[Excerpts from a dataset]
########
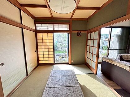 本格的な和室には床の間や障子が揃い、伝統美と落ち着きを感じられる空間。来客のおもてなしや家族団らんの場にふさわしい一部屋です。
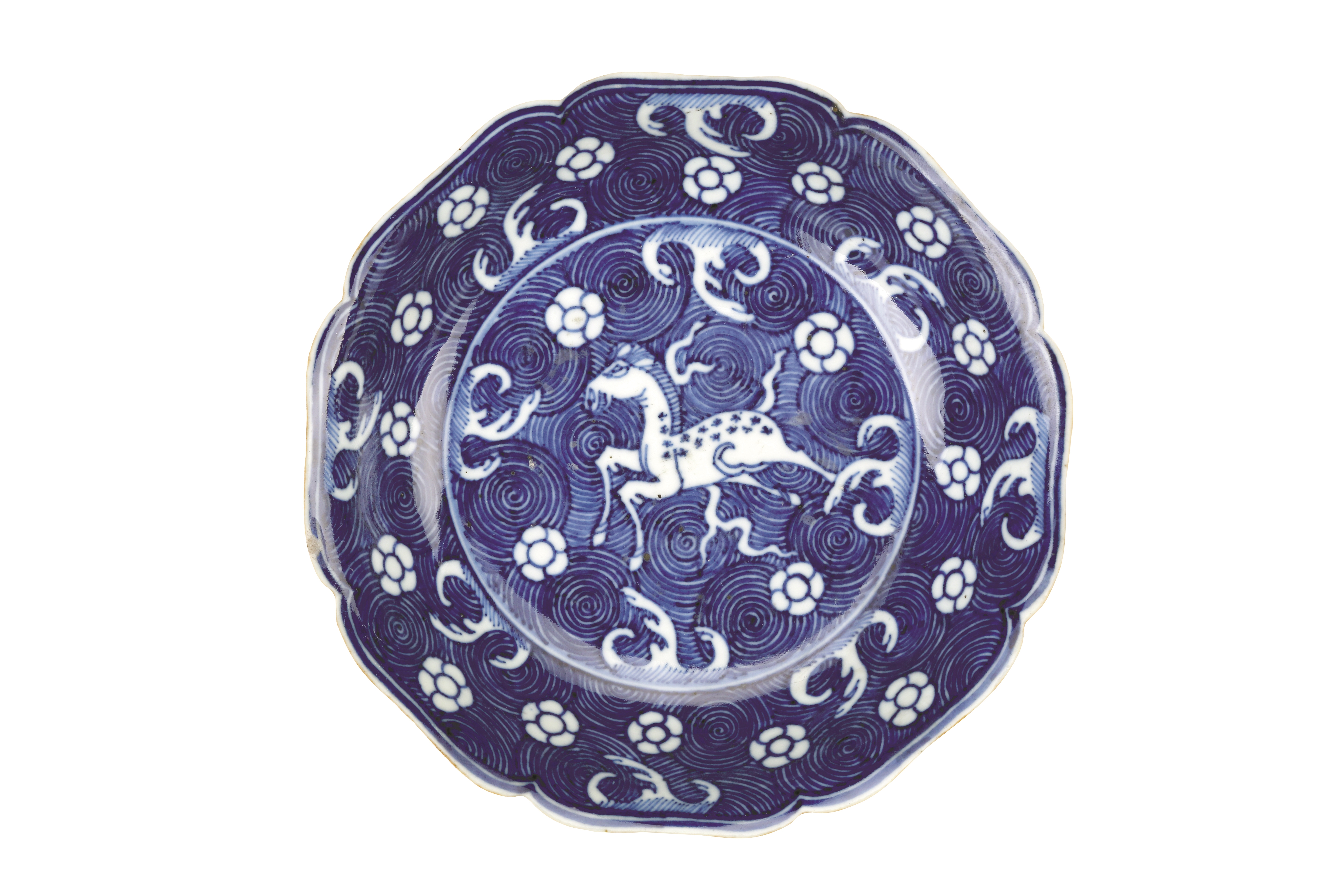 清康熙仿宣德蓝底白花海马纹葵口瓷碗
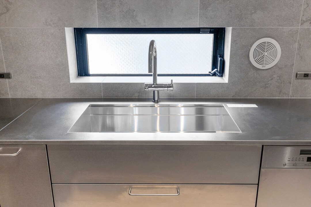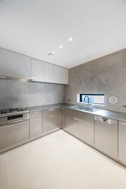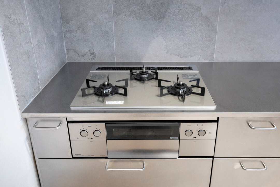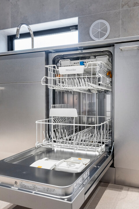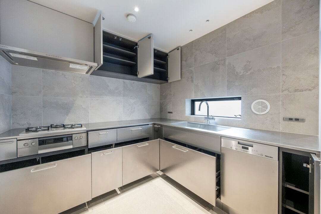 3口コンロ、グリル、ドイツの高級家電メーカーミーレ製の大型食洗機付きと設備面も充実しています。シンクも広々としているので野菜などが洗いやすそうですよ。
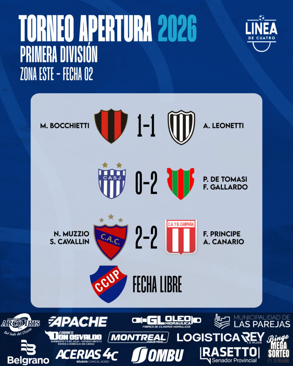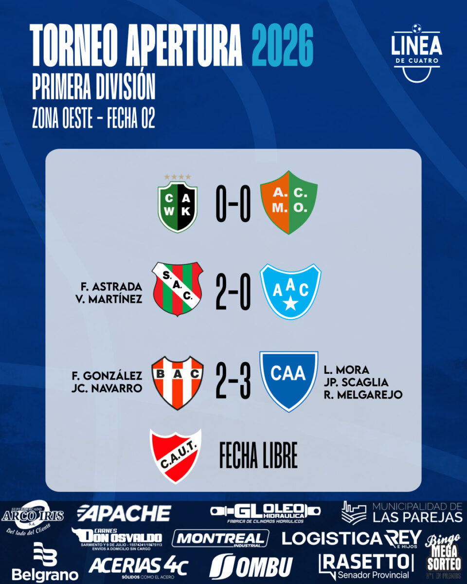 Se jugó la Fecha 02 del Torneo Apertura 2026 de Primera División de la Liga Cañadense y acá te dejamos los resultados.
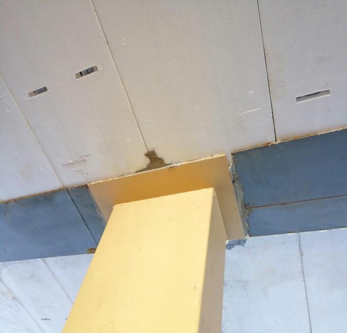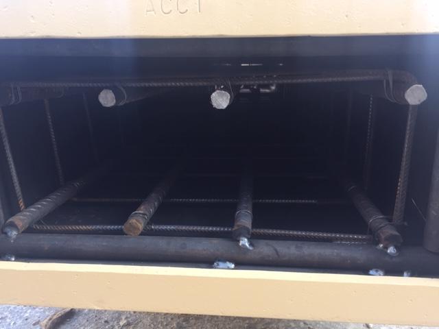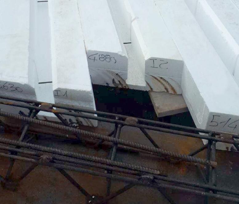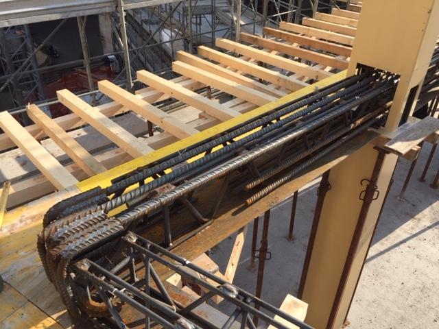 Particolare del nodo. Travi PREMcon fondello in acciaio posate su mensolinein acciaio di pari spessore.Attraversole asole passerannomonconi e cls sì da creareun telaio monolitico.
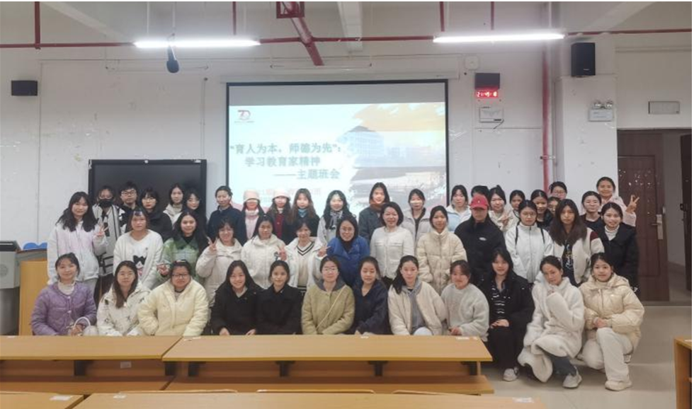 近日,21学前教育专升本2班全体同学在五合校区文综602室,举办了一场主题为“育人为本,师德为先:学习教育家精神”的主题班会。此次班会特别邀请了南宁市社会福利院副经理赵秀梅老师作为嘉宾,为同学们带来了深刻的分享。
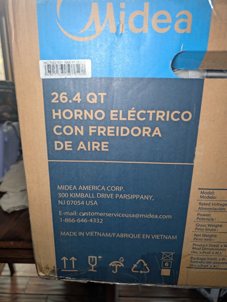 A big countertop beast for someone who wants air fryer convenience without giving up actual oven space. Midea Flexify French Door Air Fryer Oven, 26.4QT, 10-in-1, stainless steel, sold exactly as shown. Great for air frying, baking, roasting, toasting, reheating, dehydrating, and more in one extra-large countertop unit. This is the French door style model with the larger family-size capacity, making it a nice option for anyone who wants more cooking space than a standard little air fryer basket can offer. Good setup for everyday use, meal prep, family dinners, or replacing multiple small kitchen appliances with one unit. Details: - Brand: Midea - Flexify French Door Air Fryer Oven - 26.4QT capacity - 10-in-1 cooking functions - Stainless steel finish - Countertop oven / air fryer combo - Exact item shown in photos Condition: Open box never used, never taken out of box. Boxed unit sold exactly as shown. Outer packaging shows shelf, storage, and handling wear. Please review all photos carefully so you know exactly what you’re receiving. I recommend describing it as new open box only if you have verified contents and condition; otherwise list it based on the exact condition you have confirmed. I do my best to provide clear photos, accurate descriptions, careful packaging, and fast shipping so you know exactly what you’re getting. I take pride in making sure every buyer has a smooth experience from start to finish. Reasonable offers are always welcome.
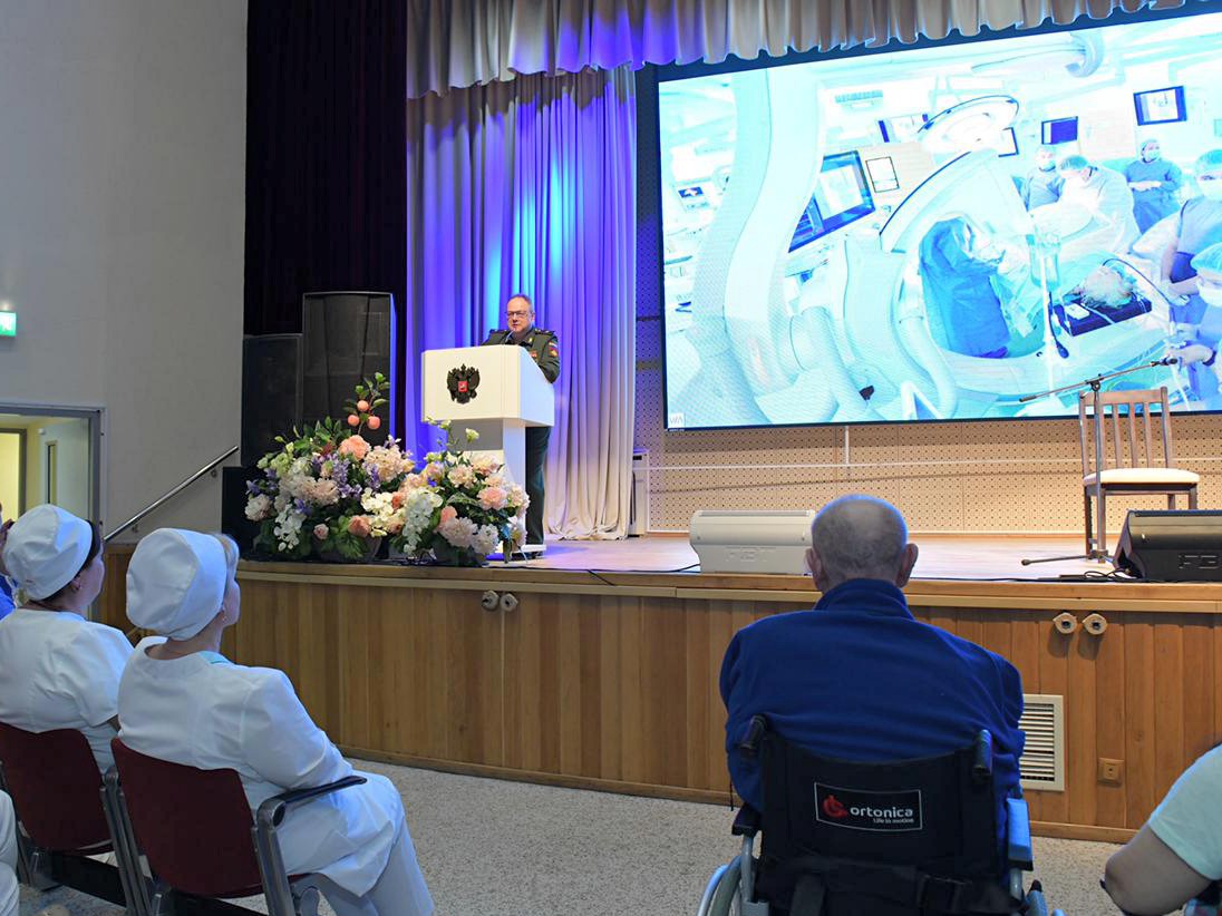 Начальник НМИЦ ВМТ им. А. А. Вишневского МО РФ, генерал-майор медицинской службы, доктор медицинских наук, Заслуженный врач РФ, действительный член Академии военных наук Александр Владимирович ЕСИПОВ со сцены клуба поздравил сотрудников Центра с их профессиональным праздником - Днём медицинского работника.
########
Give the data back exactly, omitting all pictures.

 本格的な和室には床の間や障子が揃い、伝統美と落ち着きを感じられる空間。来客のおもてなしや家族団らんの場にふさわしい一部屋です。
 清康熙仿宣德蓝底白花海马纹葵口瓷碗
 3口コンロ、グリル、ドイツの高級家電メーカーミーレ製の大型食洗機付きと設備面も充実しています。シンクも広々としているので野菜などが洗いやすそうですよ。
 Se jugó la Fecha 02 del Torneo Apertura 2026 de Primera División de la Liga Cañadense y acá te dejamos los resultados.
 Particolare del nodo. Travi PREMcon fondello in acciaio posate su mensolinein acciaio di pari spessore.Attraversole asole passerannomonconi e cls sì da creareun telaio monolitico.
 近日,21学前教育专升本2班全体同学在五合校区文综602室,举办了一场主题为“育人为本,师德为先:学习教育家精神”的主题班会。此次班会特别邀请了南宁市社会福利院副经理赵秀梅老师作为嘉宾,为同学们带来了深刻的分享。
 A big countertop beast for someone who wants air fryer convenience without giving up actual oven space. Midea Flexify French Door Air Fryer Oven, 26.4QT, 10-in-1, stainless steel, sold exactly as shown. Great for air frying, baking, roasting, toasting, reheating, dehydrating, and more in one extra-large countertop unit. This is the French door style model with the larger family-size capacity, making it a nice option for anyone who wants more cooking space than a standard little air fryer basket can offer. Good setup for everyday use, meal prep, family dinners, or replacing multiple small kitchen appliances with one unit. Details: - Brand: Midea - Flexify French Door Air Fryer Oven - 26.4QT capacity - 10-in-1 cooking functions - Stainless steel finish - Countertop oven / air fryer combo - Exact item shown in photos Condition: Open box never used, never taken out of box. Boxed unit sold exactly as shown. Outer packaging shows shelf, storage, and handling wear. Please review all photos carefully so you know exactly what you’re receiving. I recommend describing it as new open box only if you have verified contents and condition; otherwise list it based on the exact condition you have confirmed. I do my best to provide clear photos, accurate descriptions, careful packaging, and fast shipping so you know exactly what you’re getting. I take pride in making sure every buyer has a smooth experience from start to finish. Reasonable offers are always welcome.
 Начальник НМИЦ ВМТ им. А. А. Вишневского МО РФ, генерал-майор медицинской службы, доктор медицинских наук, Заслуженный врач РФ, действительный член Академии военных наук Александр Владимирович ЕСИПОВ со сцены клуба поздравил сотрудников Центра с их профессиональным праздником - Днём медицинского работника.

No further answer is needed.